You spent countless hours researching for your fantasy draft. Or maybe you just tailed all of my “Exodia” plays and felt amazing about it. Either way, now is the time when fantasy championships are secured or fumbled. The instant gratification of your draft has passed, and we’re now faced with the avalanche of information that cascades from each week of NFL football.
Luckily for you, I’m here to sift through all of it, separate the signal from the noise, and show you how to continue managing your rosters for a full season of success. Welcome to “The Week 3 Everything Report.”
This would be an impossible task if not for the army of ball-knowing film charters and the Fantasy Points Data Suite powered by their insights at our disposal. This is our edge.
Among the best tools for our task are “Expected Fantasy Points” (XFP). This metric tells us how many fantasy points a perfectly average player would have scored given perfectly average luck, taking into account the volume, location, and depth (among several other factors) of all their targets and touches. While your competition will primarily be tracking a player’s fantasy points (or perhaps their raw touch total), we can precisely identify both positive and negative regression candidates by comparing a player’s XFP to their actual output.

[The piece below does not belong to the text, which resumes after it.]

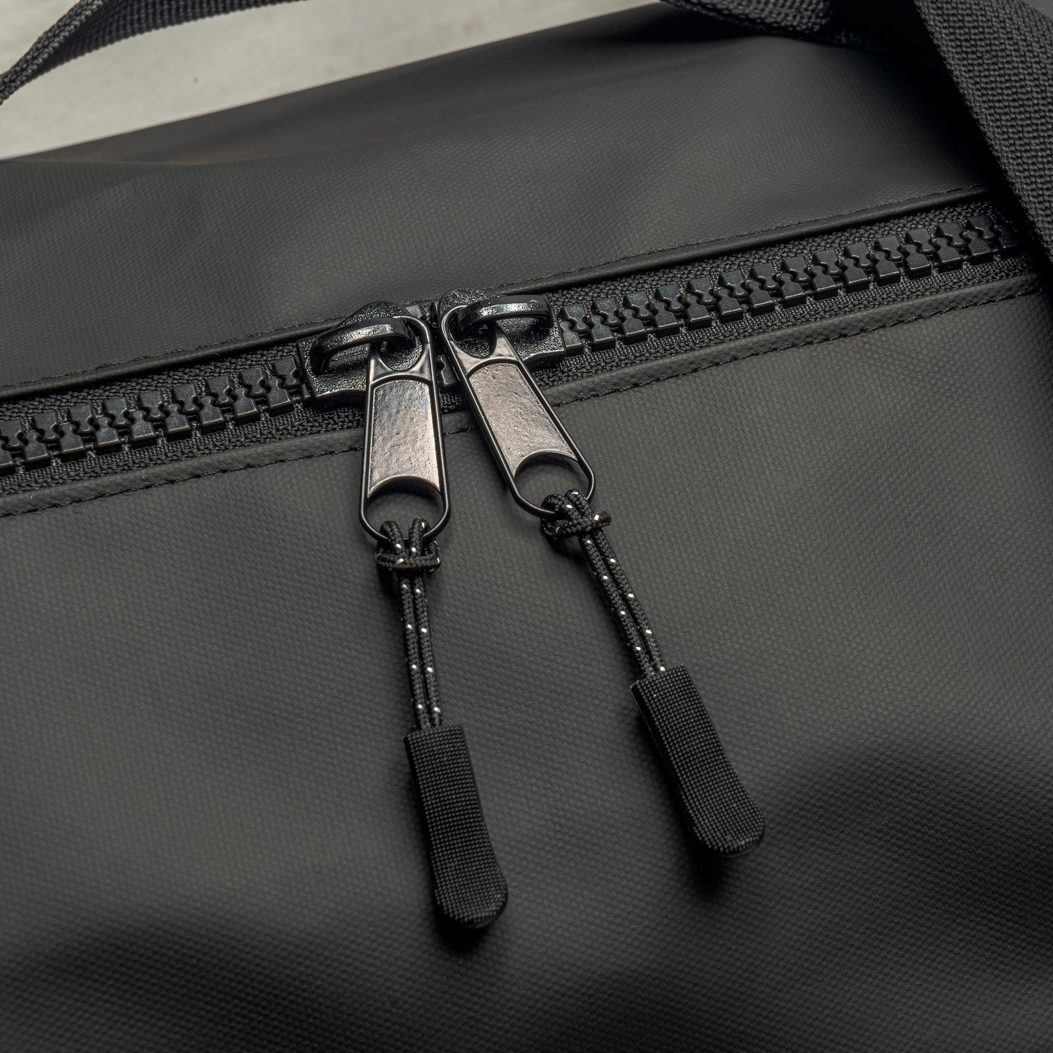 Borsa Duffle in poliestere water resistant. Tracolla regolabile e removibile con fibbia. Modello in nero disponibile in 1 colore

But it isn’t always that easy. Some players and offenses are just very good, making them capable of consistently outperforming their XFP over the entire season. The reverse is also true. Some players or teams are just bad, and will continue to fall short of their volume-based expectation all year. Over the course of the year, many players’ roles will grow, and others’ will shrink. Some power-law offenses will provide unexpected explosions of fantasy production, and others will sputter. To make sense of it all, we’ll reach deep into our toolbox of data to paint you the most complete picture possible, covering every relevant situation each week.
Let’s get into the takeaways.
Top-30 XFP Leaderboard
5 Key Takeaways
1. It’s so over… We’re so back!
A number of our Exodia players who stumbled out of the gate in Week 1 bounced right back in Week 2.

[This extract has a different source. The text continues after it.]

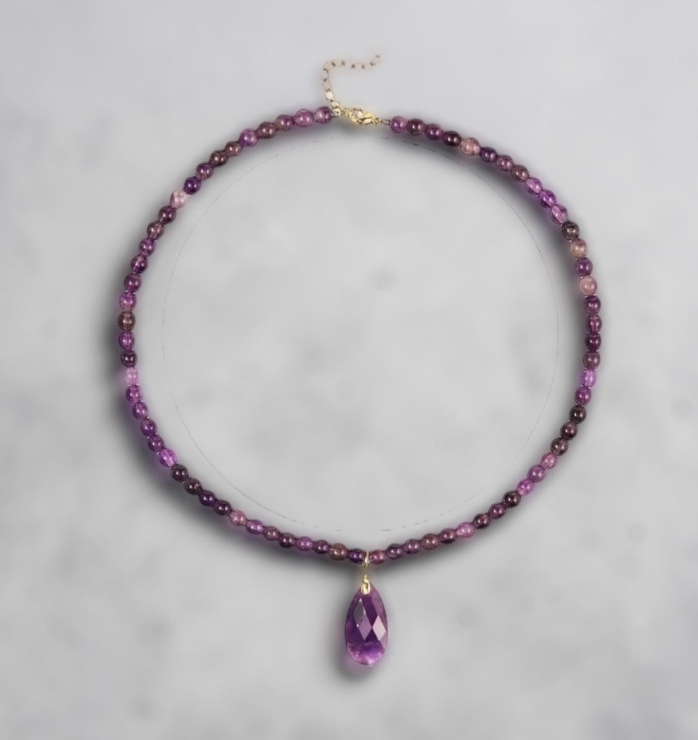 Elegantný náhrdelník vytvorený z prírodného ametystu doplnený brúseným príveskom v tvare kvapky. Tento šperk pôsobí luxusne, žensky a nadčasovo, vďaka čomu je vhodný na každodenné nosenie aj výnimočné príležitosti.

You really do love to see it. I kept telling you (but also having to remind myself): don’t overreact after one week of football. Even now, we’re still only ~12% of the way through the 2025 fantasy season.
Drake Maye balled out against the Dolphins. He went 19 of 23 for 230 yards, 2 touchdowns, and 1 interception — good for a 137.3 passer rating (2nd-best of the week, behind Jared Goff). On the ground, he added 7 carries for 34 yards and a touchdown, with three designed runs (2nd-most on the week, up from just one in Week 1). Altogether, Maye finished with 26.3 fantasy points — 3rd-most among all QBs (behind only Goff and Russell Wilson).
To be fair, the Miami Dolphins might have the worst defense in football. But as a Maye owner, you couldn't really have asked for anything more in Week 2.
Is Cam Skattebo already the Giants’ RB1? Already?! My preseason timeline didn’t have him leading the backfield in snaps until Week 5, and then becoming 2025 Javonte Williams / 2019 Leonard Fournette / Marshall Chalk until about Week 9. Instead, it looks like we’re well ahead of schedule, baby!